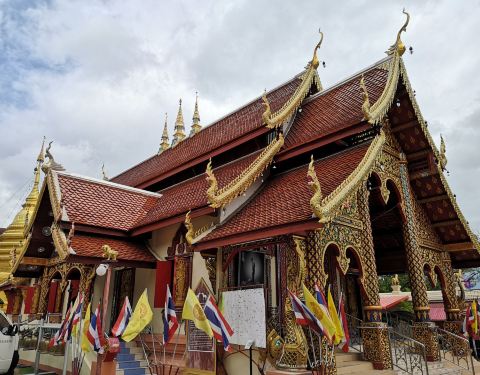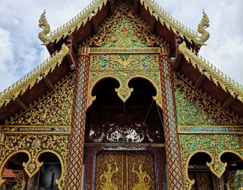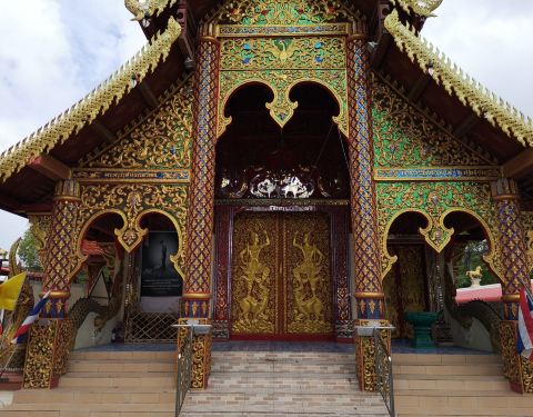 况卡玛寺位于古城北部的一个寺庙,清迈的寺庙,据说有1000多家,寺庙里面还是挺大的,过来的时候里面开了门。 门的那只黄金马特别的亮眼,有一个很典型的泰国佛殿,也有停车场开车过来也是挺方便的,但大殿门口没有开放,不能进去。
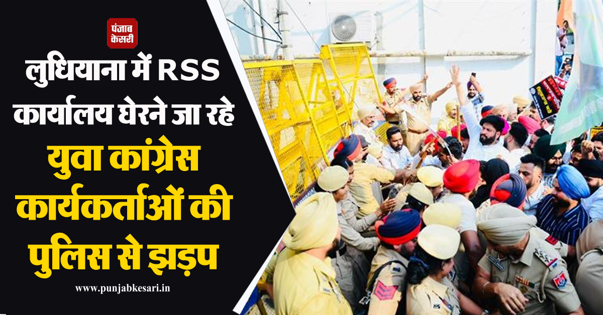 लुधियाना में RSS कार्यालय घेरने जा रहे युवा कांग्रेस कार्यकर्ताओं की पुलिस से झड़प
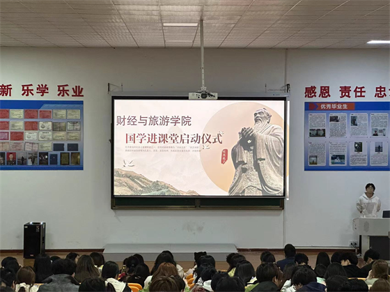 为弘扬国学文化,丰富学生精神世界,涵养学生人文品行,3月28日晚上,财经与旅游学院在文华楼阶梯教室举办了“国学课堂”启动仪式。湖北宏阳新型建材股份有限公司董事长王水华、湖北宏阳新型建材股份有限公司总经理王珍、孝昌宏阳水泥有限公司总经理王望芬、学校原工会主席张占华教授、财经与旅游学院党总支书记罗安文、学工副院长陈卫红、全体辅导员及300余名学生代表等参加了启动仪式。
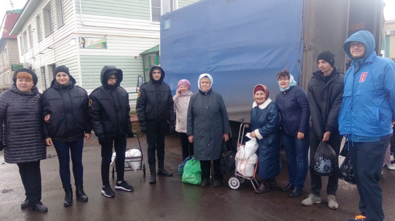 Узган ял көннәрендә Нурлатта үткән авыл хуҗалыгы ярминкәсендә районның “Бердәм Россиянең Яшь гвардия” һәм “Форпост” активисталары өлкән яшьтәге кешеләргә транспорт тукталышына кадәр сатып алган товарларын илтергә булыштылар.

__________

[TASK REQUIREMENTS]: Give back the material above exactly, but without its images.

[SOLUTION FOR THIS PROBLEM]:
 况卡玛寺位于古城北部的一个寺庙,清迈的寺庙,据说有1000多家,寺庙里面还是挺大的,过来的时候里面开了门。 门的那只黄金马特别的亮眼,有一个很典型的泰国佛殿,也有停车场开车过来也是挺方便的,但大殿门口没有开放,不能进去。
 लुधियाना में RSS कार्यालय घेरने जा रहे युवा कांग्रेस कार्यकर्ताओं की पुलिस से झड़प
 为弘扬国学文化,丰富学生精神世界,涵养学生人文品行,3月28日晚上,财经与旅游学院在文华楼阶梯教室举办了“国学课堂”启动仪式。湖北宏阳新型建材股份有限公司董事长王水华、湖北宏阳新型建材股份有限公司总经理王珍、孝昌宏阳水泥有限公司总经理王望芬、学校原工会主席张占华教授、财经与旅游学院党总支书记罗安文、学工副院长陈卫红、全体辅导员及300余名学生代表等参加了启动仪式。
 Узган ял көннәрендә Нурлатта үткән авыл хуҗалыгы ярминкәсендә районның “Бердәм Россиянең Яшь гвардия” һәм “Форпост” активисталары өлкән яшьтәге кешеләргә транспорт тукталышына кадәр сатып алган товарларын илтергә булыштылар.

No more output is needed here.